Courtney Love
America's Sweetheart
(Virgin)
2/5
A distressingly unremarkable solo album from America's least sweet sweetheart. Lyrically, it's as bitter and self-absorbed as you would expect, but it's all set to floppy, fairly bloodless rock that leaves Love sounding as adventurous as the prospect of eating with chopsticks. Almost Golden is no more bilious than Sheryl Crow could manage if someone stole her snakeskin trousers, and Uncool is no more
stirringly sorrowful than Chris Martin could muster on a black day. All The Drugs is as good as it
gets, and even that's a straightforward mesh of tight melody, anthemic punk and woe-is-me cliche that singularly fails to engage with the listener. If Love really wants some attention, maybe she should stop seeking it in such a dreary and obvious manner, or at least go and help Linda Perry write for Pink.
Abigail Wild
Michelle
The Meaning of Love
(BMG)
1/5
It was predictable, but it's still disappointing. Michelle McManus will never cavort to an uptempo, cutting-edge R&B joint, this we know. But did they really have to market her
as sub-Steve-Wright's-Love-Songs fodder for the middle market?

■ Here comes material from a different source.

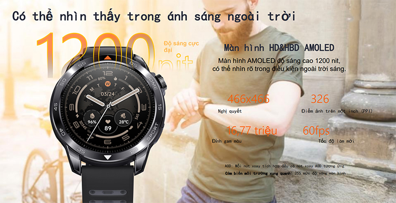 Màn hình 1.43 inch Amoled 466*466, độ sáng tối đa 1200nits

Even on the cover of the CD she has the earnest gaze and innocuous styling of an easy-listening artist twice her age. Suffice to say, much of this sounds like soft-rock balladry performed to a karaoke backing tape, so it is at least honest to sell it on the back of her No 1 single, All This Time.

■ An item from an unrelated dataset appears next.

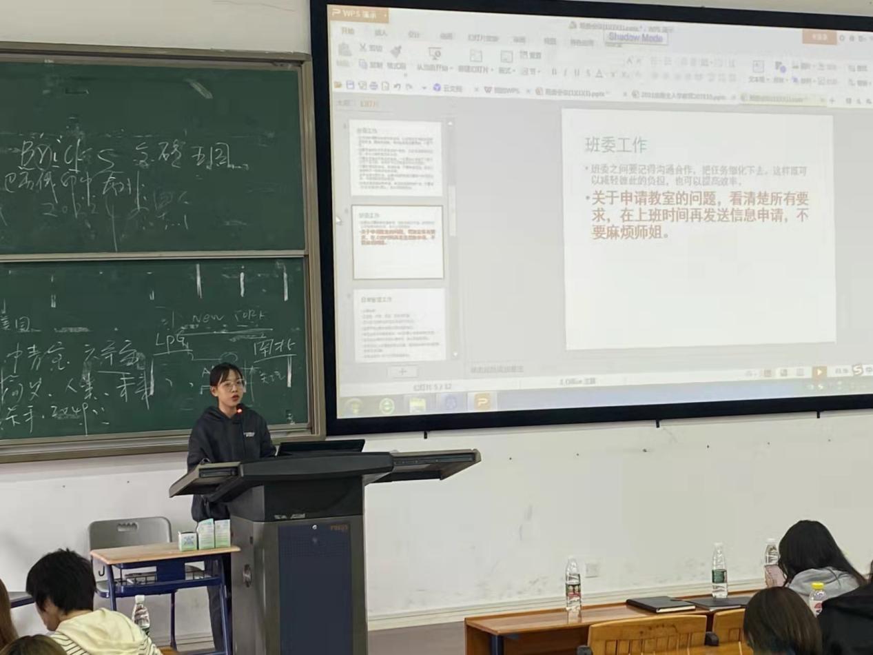 本次会议以提升学院精神面貌及规范学生行为为主题,首先由冯锐骐老师为班委介绍日常管理工作,条条有序的规章制度规范学生行为,以加强基础文明教育,培养各班学生良好的学风为重点,通过正反举例树立育人意识、法治意识、服务意识,充分发挥班委管理工作在我院的积极作用。

No-one's doubting that Michelle can hit the notes, but she just can't sing soulfully (starkly demonstrated on her cover of Feelin' Good). Combined with tinny production and synths imported direct from the 1980s, this is a thoroughly boring, unambitious debut.
Beth Pearson
Norah Jones
Feels Like Home
(Blue Note)
2/5
Norah Jones's inconceivably popular debut, 2003's
Come Away With Me,
was so omnipresent,
it's unlikely you'll have to seek out this follow-up.
It will find you.
This is not necessarily
a bad thing if you enjoyed her debut but wished
she'd included more country influences.
Sunrise, for instance, features a bassline that plods along like an
old nag across the
desert, accompanied
by a somnolent vocal
from Norah. In The Morning has a boldly repetitive guitar
arrangement, but it's confused by a bluesier piano part.
It's such a catalogue of twee country lyricism, vocals and music that Norah's promising duet with Dolly Parton, Creepin' In, eventually becomes a parody of the rest of the album: chummy, samey, sedative.
Beth Pearson
Einsturzende Neubauten
Perpetuum Mobile
(Mute)
3/5
This is surely the quietest album ever released by this reformed bunch of mad German metal-bashers. Subtle, soft, if a little menacing, Blixa Bargeld and his band made their name (Collapsing New Buildings in English) with records of relentless metallic violence and pained Teutonic angst. Maybe it's because Blixa and his chums are getting on a bit, but this is a less abrasive experience all round, sounding more
like compatriots Can
than their own furious past.
The best song on this involving album is the
great title track, which propels itself along for
more than 13 minutes
on a lithe groove that
subtly shifts nuance
and focus as it progresses. Elsewhere there is
blurred, tense electro-pop and detailed percussive explorations, but
hardly any trace of
the destructive anger
of before. This is an interesting grower of a record from grizzled, pensive veterans of the genuine avant garde.